BEGIN

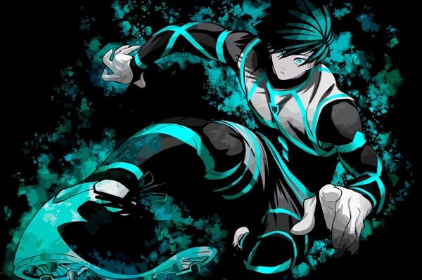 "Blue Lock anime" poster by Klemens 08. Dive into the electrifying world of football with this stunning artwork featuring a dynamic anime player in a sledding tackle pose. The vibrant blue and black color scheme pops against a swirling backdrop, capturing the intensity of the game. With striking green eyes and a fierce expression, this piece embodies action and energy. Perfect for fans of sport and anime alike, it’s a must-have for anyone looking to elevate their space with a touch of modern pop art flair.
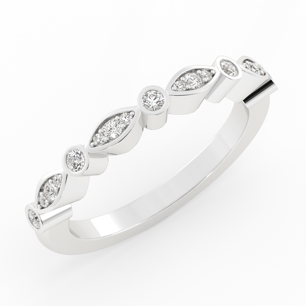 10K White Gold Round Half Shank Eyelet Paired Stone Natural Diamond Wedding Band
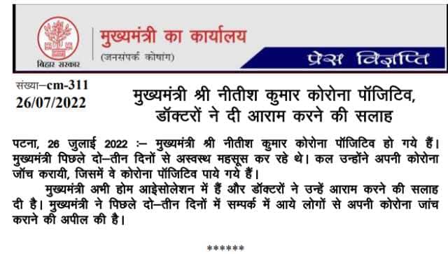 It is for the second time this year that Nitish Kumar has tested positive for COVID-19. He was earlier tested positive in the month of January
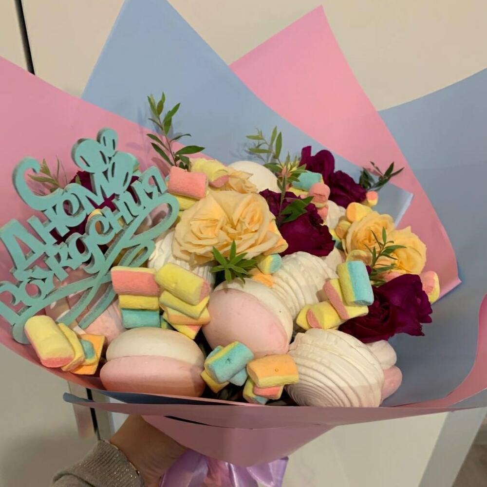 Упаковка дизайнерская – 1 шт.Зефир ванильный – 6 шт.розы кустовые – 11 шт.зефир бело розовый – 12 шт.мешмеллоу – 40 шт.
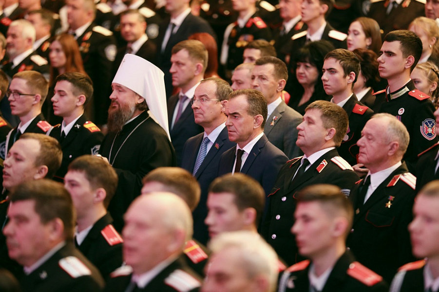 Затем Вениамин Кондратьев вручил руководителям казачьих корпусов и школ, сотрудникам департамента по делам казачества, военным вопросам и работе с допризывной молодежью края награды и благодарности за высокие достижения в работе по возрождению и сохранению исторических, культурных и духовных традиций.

END
BEGIN

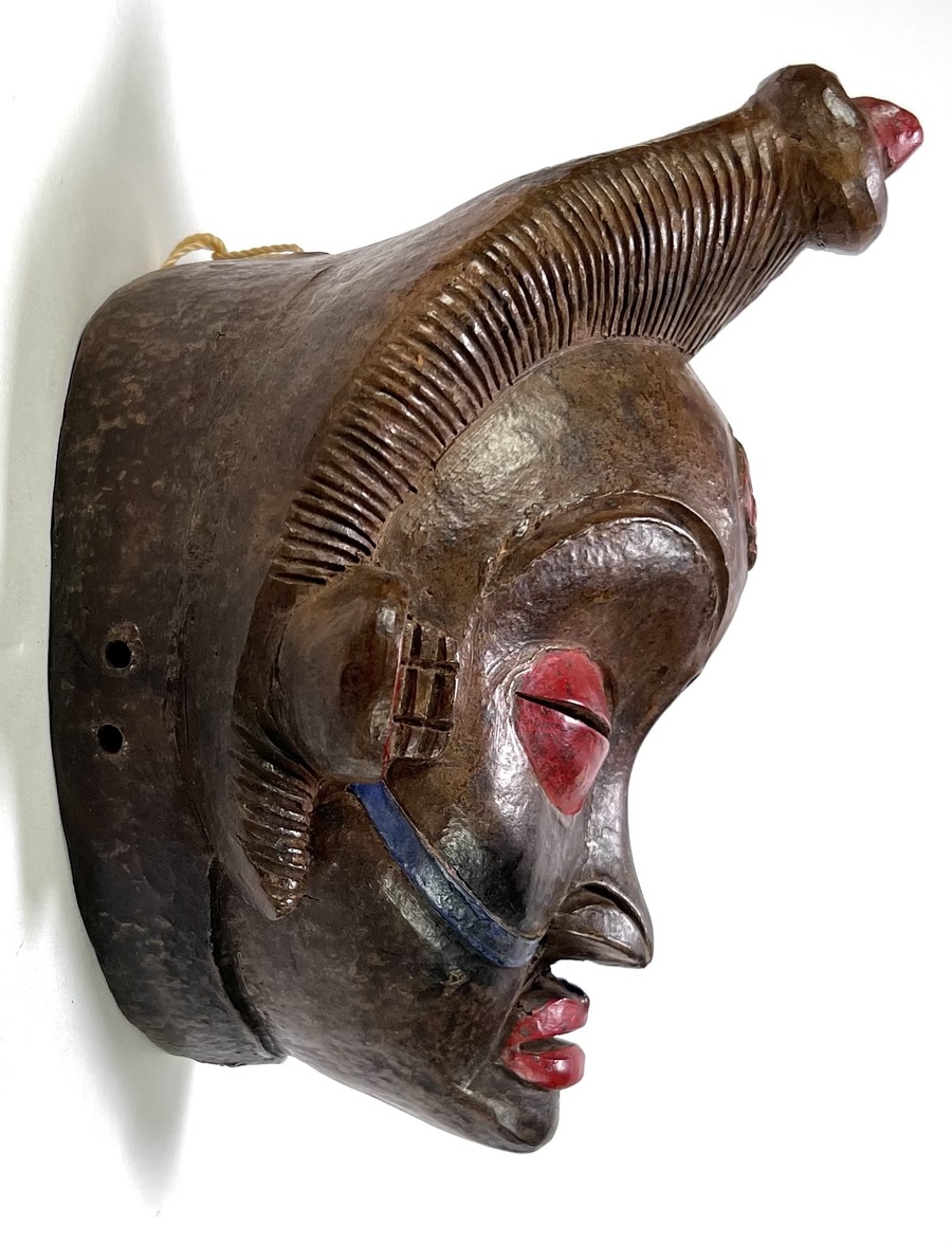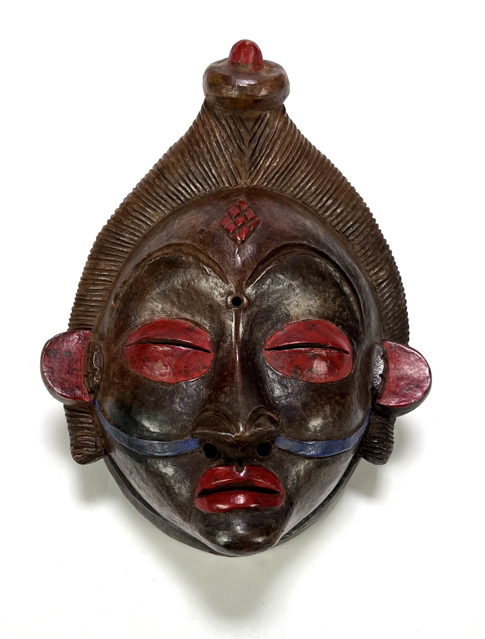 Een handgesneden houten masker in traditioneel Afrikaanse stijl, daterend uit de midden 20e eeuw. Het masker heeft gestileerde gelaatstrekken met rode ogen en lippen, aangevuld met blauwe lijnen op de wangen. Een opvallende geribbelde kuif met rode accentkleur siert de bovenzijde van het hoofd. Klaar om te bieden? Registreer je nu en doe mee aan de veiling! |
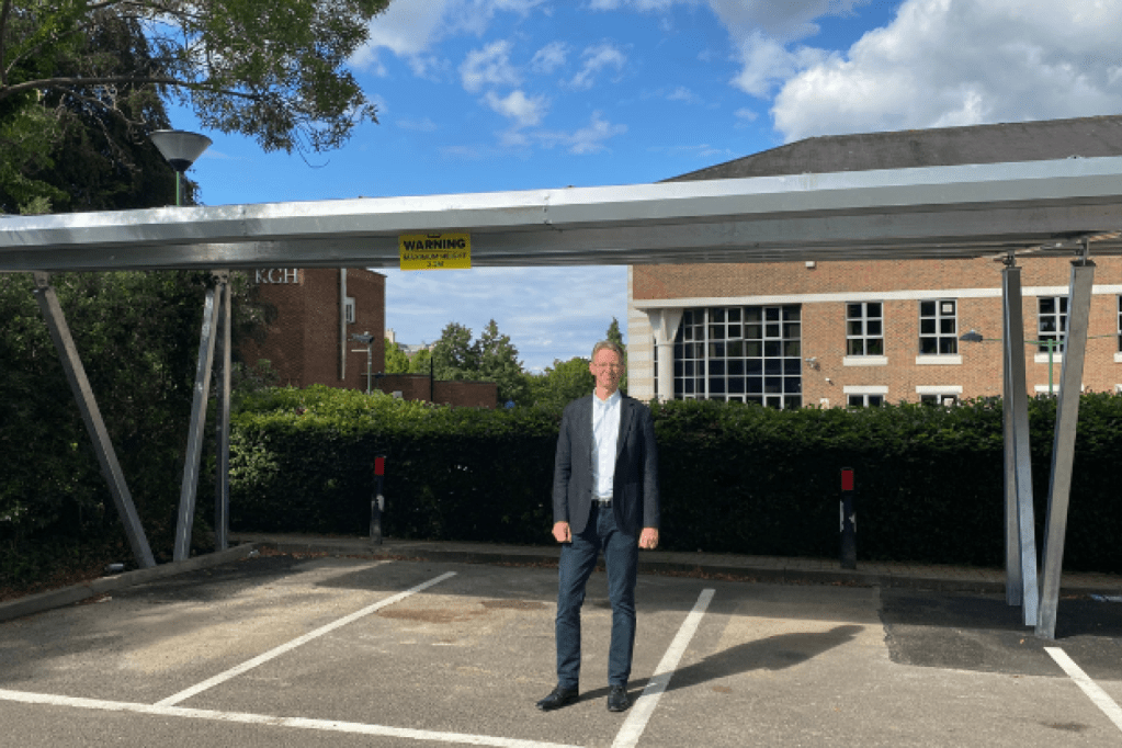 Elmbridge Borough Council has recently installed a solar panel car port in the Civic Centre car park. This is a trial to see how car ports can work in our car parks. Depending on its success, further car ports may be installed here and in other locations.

END

Goal of the exercise: Taking the material above, give again exactly the lines from the one holding "Упаковка дизайнерская –" through the one holding "Затем Вениамин Кондратьев", with both ends and without pictures.

Task result:
 Упаковка дизайнерская – 1 шт.Зефир ванильный – 6 шт.розы кустовые – 11 шт.зефир бело розовый – 12 шт.мешмеллоу – 40 шт.
 Затем Вениамин Кондратьев вручил руководителям казачьих корпусов и школ, сотрудникам департамента по делам казачества, военным вопросам и работе с допризывной молодежью края награды и благодарности за высокие достижения в работе по возрождению и сохранению исторических, культурных и духовных традиций.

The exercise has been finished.